からなのだと思います。両方とも、抵抗勢力、つまり現状維持派を押さえつけて改革を前に進めることができない社長のお困りの姿を何回か目撃した経験からの推測です。しかしなぜ、抵抗勢力に抗うことができないのか?お叱りを受けることを承知の上で敢えて持論を展開させていただくなら・・・社長の立場の大きさをきちんと使いこなし切れていないこともあると思いますが、それよりもおそらく「現場を納得させて改革に取り組ませる為の社長の思考の理論性が足りない」ことが大きいと思います。つまり平たく言えば、合理的な業務改革を考えることができない、ということになります。考えることができなければ、知り得た知識だけで動くこともあるでしょう。しかしそれでは社長としての熱量が大きくならず、結果的に抵抗勢力が現れた際に抗しきれなくなる。「現場の賛同を得られなかった」と敗戦の弁を口にする、ということになります。

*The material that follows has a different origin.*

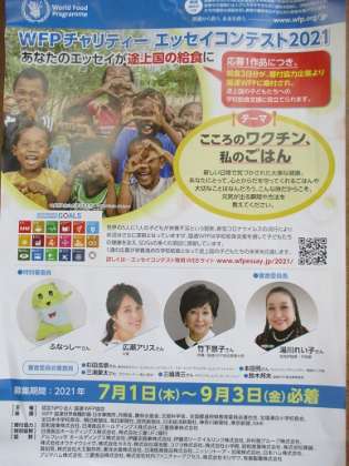 2年・3年の国語の授業で、WFPチャリティエッセイコンテスト「こころのワクチン、私のごはん」の作文に取り組みました。この作文は、応募1作品につき、給食3日分が、寄付協力企業より国連WFPに寄付され、発展途上国の子ども達への学校給食支援に役立てられるものです。
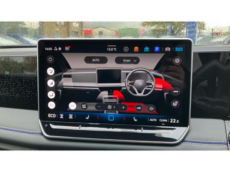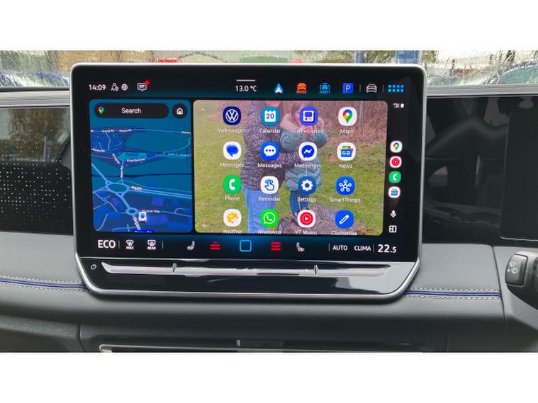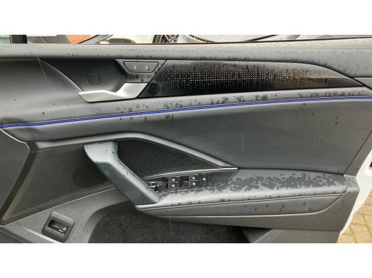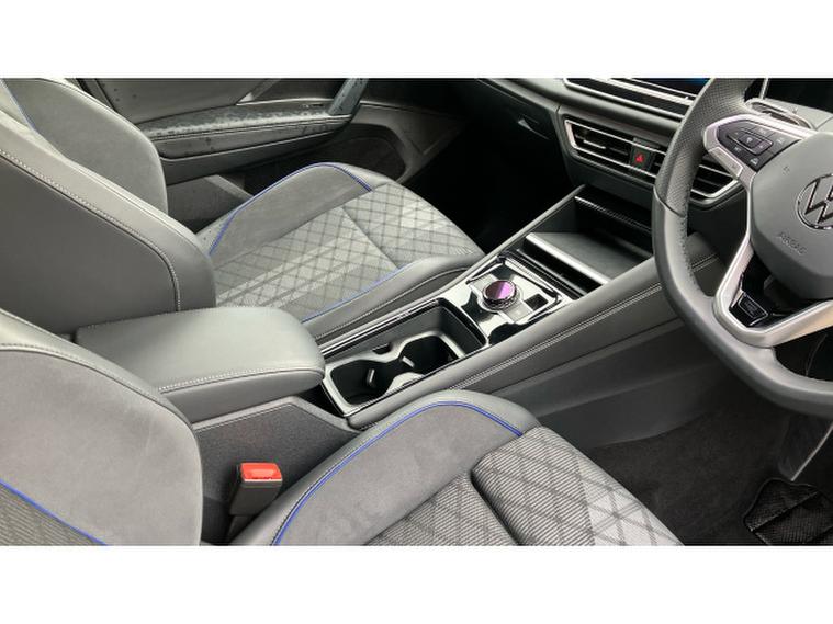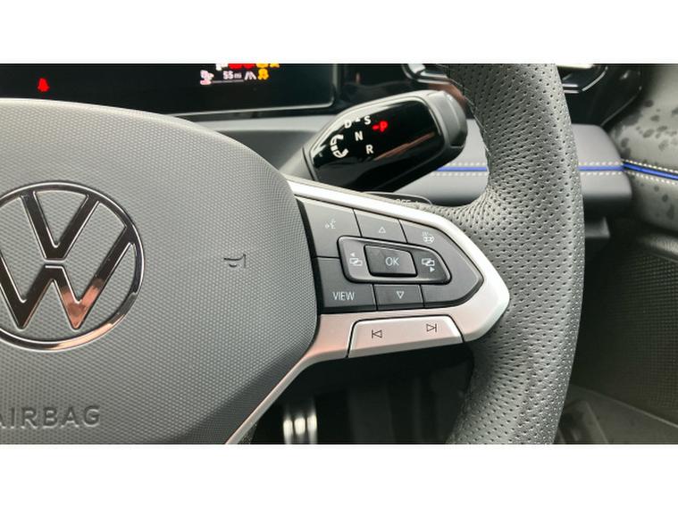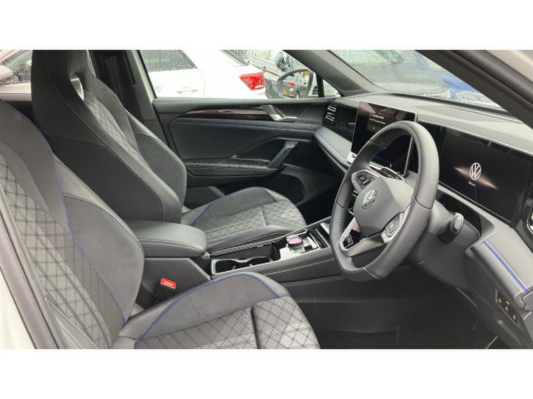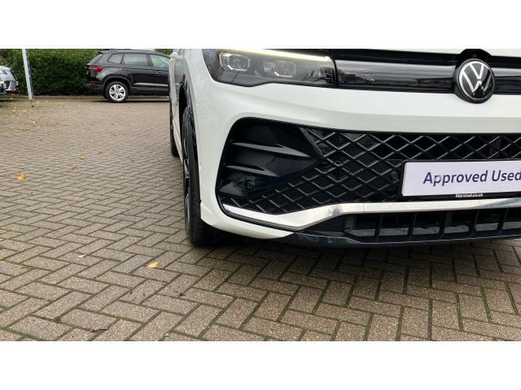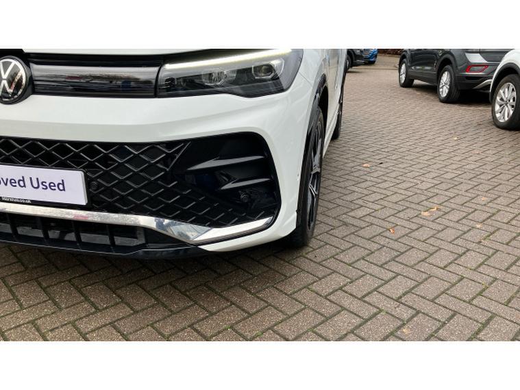 As standard it comes with diamond cut alloy wheels, touch screen media with satellite navigation, Apple Car Play, Android Auto, Bluetooth and DAB radio, overhead & surround cameras with front and rear parking sensors, adaptive cruise control, lane assist, tri-zone climate control with air conditioning, heated half leather R-Line sports seats seats, heated steering wheel, keyless entry, electronic handbrake, power folding wing mirrors, auto lights and wipers, front fog lights, LED lights, dynamic indicators, digital drivers cockpit, privacy glass, roof bars, and much more.

IT化というものは、社員に全部を丸投げすべきことではないことは何回も申し上げてきました。少なくとも社長のデジタル化への強いビジョンがあり、それを論理的に説明できるだけの咀嚼と解釈ができていないといけない訳です。それが足りないが故に現状維持派に押し返され、結果的に「ビジネスプロセスそのまま」のシステムを導入して形だけを整え、成長に結びつかない投資を実行してしまうことになるのです。

少し辛辣な表現が多くなってしまいましたが、現状維持システムを導入する必要性などどこにも存在しません。システム化、IT化、デジタル化、いろんな表現がありますが、とにもかくにも改革とは無縁ではいられないものなので、社長は戦略的にデジタルに向き合う覚悟が必要なのだと思いますし、それを持った社長が率いる会社が先に伸びていくのだと信じています。